My definition of winter camping however, is perhaps not what one would typically refer to as "camping."  When I go into the backcountry or wilderness in the cold months from October through April, I stay in a hut, cabin, or hostel.  I'm a bit of a princess when it comes to tenting in the snow and I like to have four walls around me, a bed, and an indoor fireplace if I'm going to go camping in the winter.  I've done a ton of winter backpacking and I've spent many a night in the wilderness during the cold season - but I've never slept in a tent.

This is my idea of winter camping (Elk Lakes, Alpine Club of Canada Cabin)

Being that I am not a traditional winter camper, I figured I should call in some help on this story and get some real solid tips for you on how to camp in the snow with kids - in a real tent!  Honest to goodness camping and not the "glamping" that I like to do.  Fortunately, my new friend Melissa Schulze and author of the blog, Rockies Chick, has just completed a winter camping trip at Elbow Lake in Kananaskis.  She took her 4 year old daughter with her and they survived the night.  More than survived in fact, because they want to do it again!  So, I begged Melissa to share some tips with us on how to take children into the backcountry in winter. 

Heading into Elbow Lake with loaded down sleds



A Guide to Winter Camping with Kids - By Melissa Schulze



Camping at Elbow Lake (M. Schulze)
If a beautiful landscape covered in a white blanket of snow and sipping on hot chocolate around a fire while stargazing is something you would like to experience, then winter camping might be for you.
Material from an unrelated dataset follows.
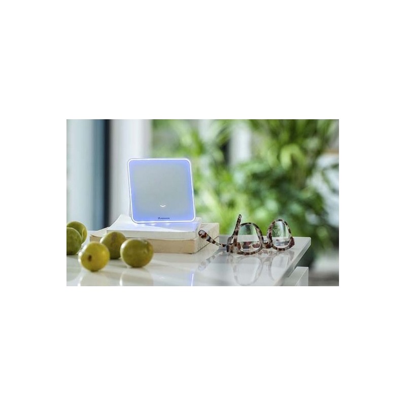 Po dotyku poskytuje barevně rozlišenou světelnou odezvu podél rámečku ve třech barvách podle kvality vzduchu: modrá (dobrá), oranžová (průměrná), červená (špatná).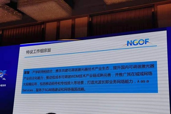 1月8日消息,今天,在新一代光傳(chuan) 送網發展論壇(NGOF)2019年度大會(hui) 上,可調諧激光器特設工作組正式宣布成立。隨著帶寬需求不斷增...

If you are willing to brave the winter cold months and would like to try winter camping with your kids, do not fear.  There is a way!  Just remember that everything in the winter takes longer and that preparation is the key.

1.  Choose either a drive in campsite or a backcountry site that isn't too far from your car. This will put you at ease in the event things do not go as planned.

2.  Have an all season tent or if this is not possible, try to find shelter for your tent. You do not want the wind to enter your tent during the night. The temperature can drop dramatically with wind chill. Snow or rocks around your tent can act as a brilliant shelter.

3.  When setting your mattress and sleeping bag down, place an emergency blanket down at the bottom of the tent under your mattress.  This will act as an extra layer and can make a big difference.

4.  Once your tent is set up, look for a cooking space while you still have daylight left. If you are in the backcountry there is usually a designated location separated away from your sleeping area. Keep in mind that wind may pick up and cooking may become difficult. Find a space where you might have a bit of wind shelter. This can be harder to locate once the sun has gone down.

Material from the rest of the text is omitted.